= Your objective =
Output the listing word for word, minus pictures.

= Dataset excerpt =
=== Section Start ===
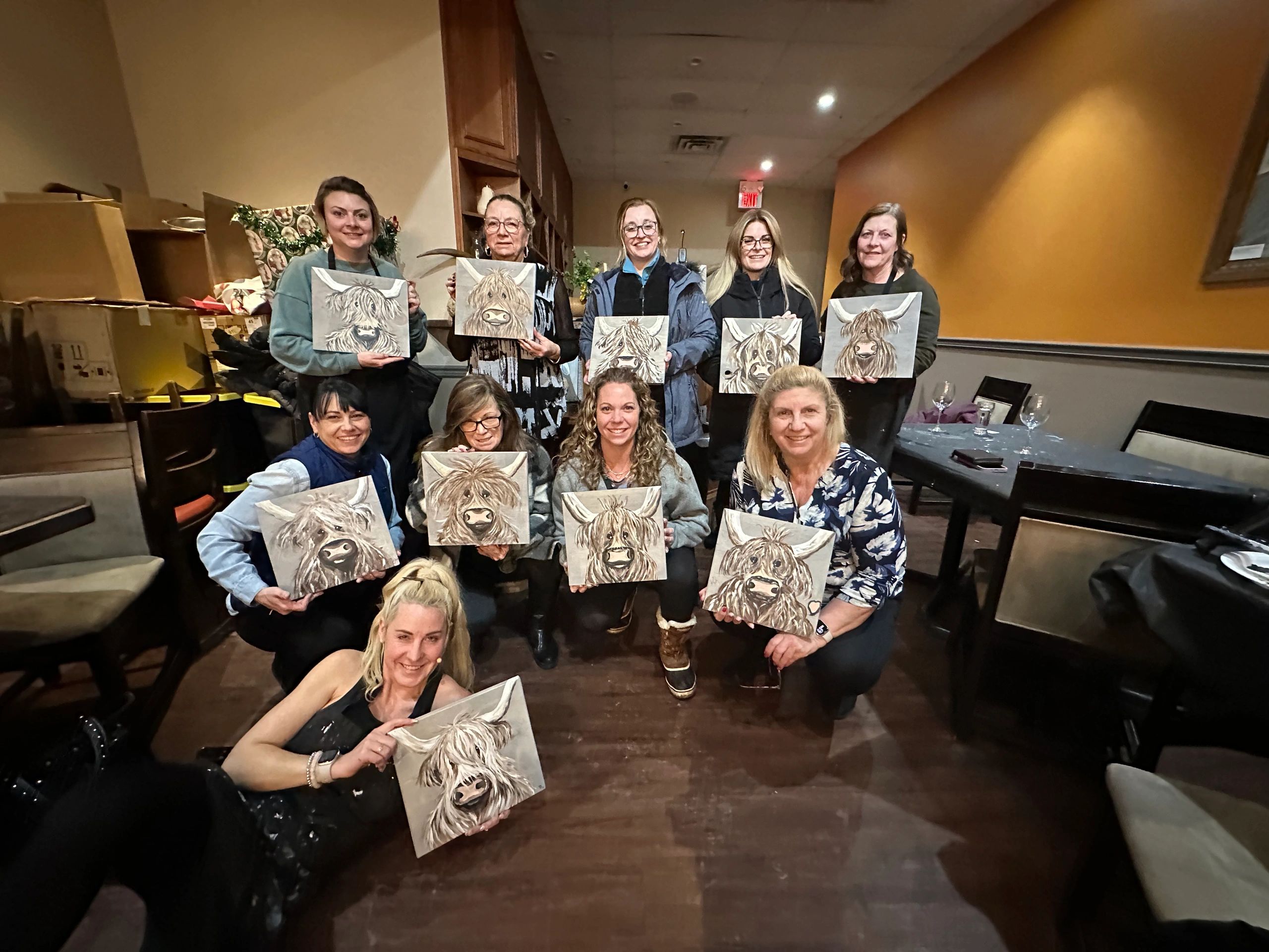 This comprehensive package includes travel, setup, and all necessary supplies such as wood boards, paper towels, aprons, protective table covers, paint, brushes, easels, paint cups, individual lighting, and spray bottles. Additionally, we provide step-by-step instruction and cleanup.
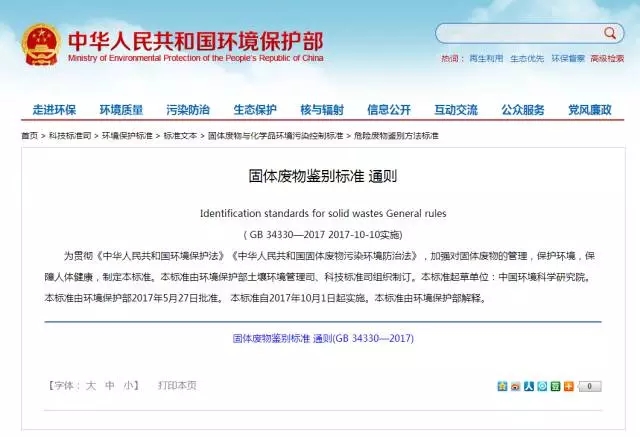 因此,為了統(tǒng)一各個檢驗機構(gòu)或鑒別機構(gòu)鑒別固體廢物的尺度,保證鑒別質(zhì)量和鑒別結(jié)果的公正和可靠,環(huán)境保護(hù)部與國家質(zhì)量監(jiān)督檢驗總局聯(lián)合發(fā)布《固體廢物鑒別標(biāo)準(zhǔn) 通則》(GB 34330-2017)。該標(biāo)準(zhǔn)是我國首次制定的關(guān)于固體廢物的鑒別標(biāo)準(zhǔn),具有強制執(zhí)行的效力。
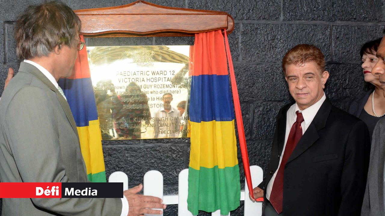 Vendredi, le ministre de la Santé, Anil Gayan, a procédé au dévoilement de la nouvelle plaque en présence des membres de la famille de Guy Rozemont. La plaque en mémoire de Guy Rozemont avait alors été remplacée par une autre portant son nom ainsi que celui de l’entrepreneur Sadaseeven Tayelamay, qui avait obtenu le contrat pour réaliser les travaux il y a deux ans.
=== Section End ===
= Response =
 This comprehensive package includes travel, setup, and all necessary supplies such as wood boards, paper towels, aprons, protective table covers, paint, brushes, easels, paint cups, individual lighting, and spray bottles. Additionally, we provide step-by-step instruction and cleanup.
 因此,為了統(tǒng)一各個檢驗機構(gòu)或鑒別機構(gòu)鑒別固體廢物的尺度,保證鑒別質(zhì)量和鑒別結(jié)果的公正和可靠,環(huán)境保護(hù)部與國家質(zhì)量監(jiān)督檢驗總局聯(lián)合發(fā)布《固體廢物鑒別標(biāo)準(zhǔn) 通則》(GB 34330-2017)。該標(biāo)準(zhǔn)是我國首次制定的關(guān)于固體廢物的鑒別標(biāo)準(zhǔn),具有強制執(zhí)行的效力。
 Vendredi, le ministre de la Santé, Anil Gayan, a procédé au dévoilement de la nouvelle plaque en présence des membres de la famille de Guy Rozemont. La plaque en mémoire de Guy Rozemont avait alors été remplacée par une autre portant son nom ainsi que celui de l’entrepreneur Sadaseeven Tayelamay, qui avait obtenu le contrat pour réaliser les travaux il y a deux ans.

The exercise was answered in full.